When I was 12 years old, my father told me about guys who built their own transmitters and receivers and could "talk" via morse code around the world. He told me that my grandfather had been a Continetial Code operator for Postal Telegraph and that as a lad that he delivered telegrams. He had some old book on electronics that he gave me and I began to read it.We built a crystal radio and I can remember laying in bed listening to it at night. I was hooked!

One day he came home with a Hallicrafters SX-100 receiver and I thought that I was the luckiest boy alive. My antenna was a piece of "Bell" wire strubng between 2 trees. I listened to CW in the Novice part of 40 meters and of course to Shortwave Broadcast. As I learned the code and became more proficient, somehow I wound up with a ARRL novice study guide. My Dad had a friend W5AJS, Bud Ports who gave me my Noice and I passed!!!



While we were waiting for my license, my Dad ordered me a Knight Kit T-60 which we built.
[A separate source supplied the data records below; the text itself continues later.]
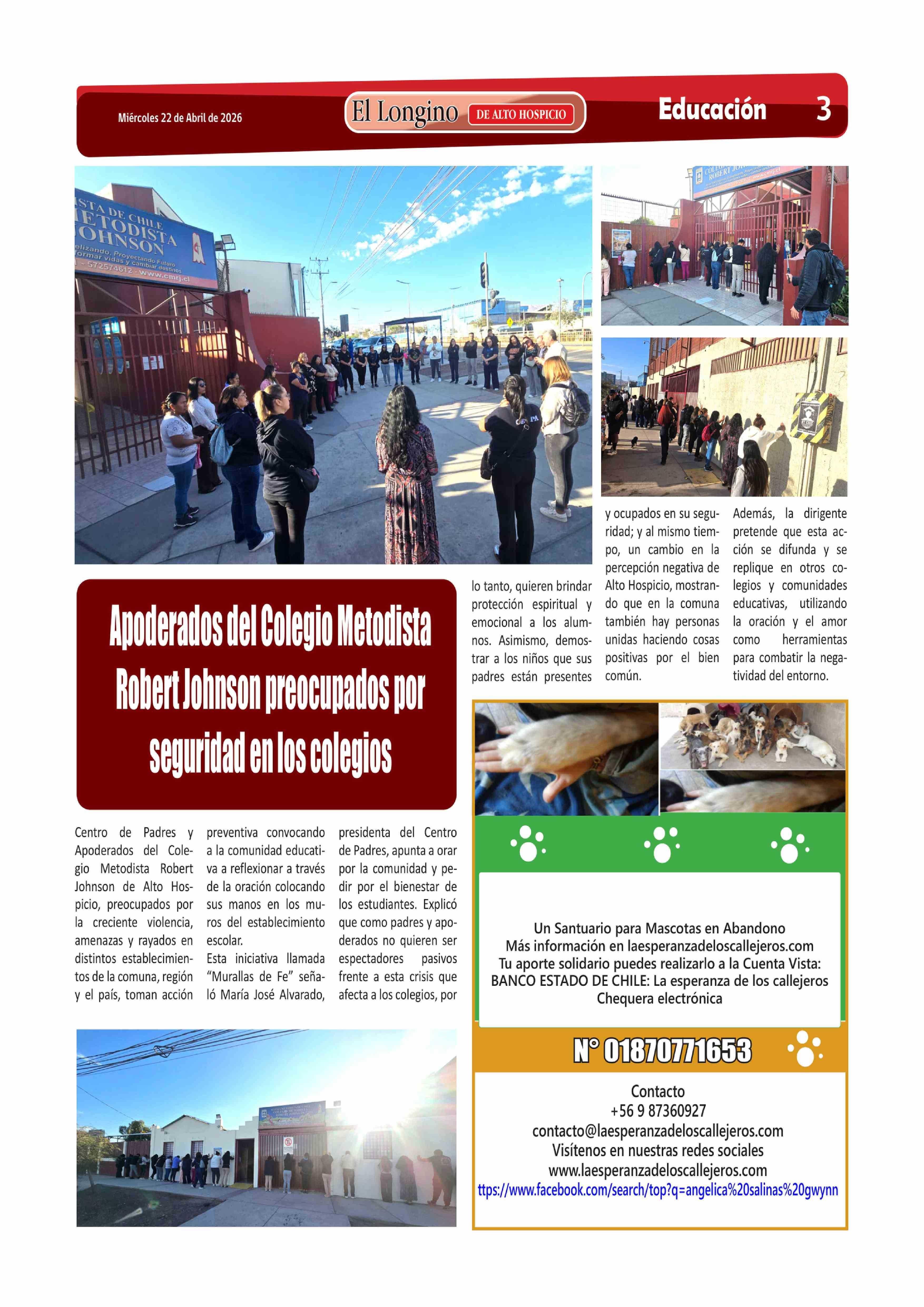 Apoderados del Colegio Metodista Robert Johnson preocupados por seguridad en los colegios 22-04-2026 El Longino |
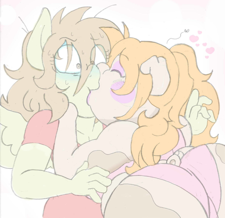 Just a little kissing/perspective practice with Beth (blondee piggo) and the object of her constant teasing, Feather.
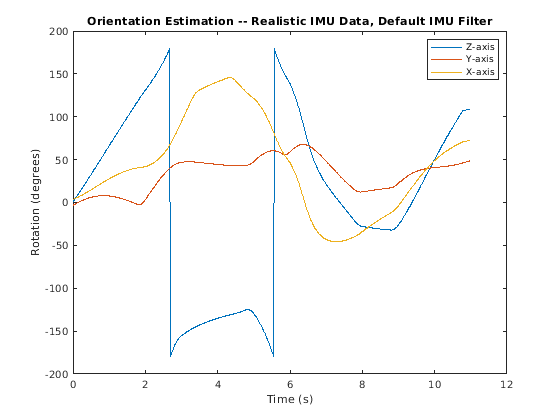 IMU.Accelerometer = accelparams( ... 'MeasurementRange',19.62, ... 'Resolution',0.00059875, ... 'ConstantBias',0.4905, ... 'AxesMisalignment',2, ... 'NoiseDensity',0.003924, ... 'BiasInstability',0, ... 'TemperatureBias', [0.34335 0.34335 0.5886], ... 'TemperatureScaleFactor',0.02); IMU.Gyroscope = gyroparams( ... 'MeasurementRange',4.3633, ... 'Resolution',0.00013323, ... 'AxesMisalignment',2, ... 'NoiseDensity',8.7266e-05, ... 'TemperatureBias',0.34907, ... 'TemperatureScaleFactor',0.02, ... 'AccelerationBias',0.00017809, ... 'ConstantBias',[0.3491,0.5,0]); orientationDefault = zeros(numSamples,1,'quaternion'); for i = 1:numSamples [accelBody,gyroBody] = IMU(accNED(i,:),angVelNED(i,:),orientationNED(i,:)); orientationDefault(i) = aFilter(accelBody,gyroBody); end release(aFilter) figure(2) plot(t,eulerd(orientationDefault,'ZYX','frame')) xlabel('Time (s)') ylabel('Rotation (degrees)') title('Orientation Estimation -- Realistic IMU Data, Default IMU Filter') legend('Z-axis','Y-axis','X-axis')

I still was waiting for my license which took I think about 3 months to arrive and suddenly I was WN5JSG. In those days we were "Rock Bound" and could only use Crystal Control. Since I amd most young Novices only had a few crystals we worked "split". We would call CQ then tune up and down the Novice band listening for another station to call us his frequency.

How exciting that was!!! The thrill of hearing some guy taping out your callsign was pure pleasure. (Just an aside here, although I grew up to be a young adult in the 1960's, I never experimented with drugs, perhaps the reason was that I received such a rush while making contacts that I never was tempted)

My older brother scrapped up the money somehow and bought my some QSL cards for my birthday and I don't think that I ever thanked him enough. He also used to climb the big willow tree in the back yard and adjust my long wire for me.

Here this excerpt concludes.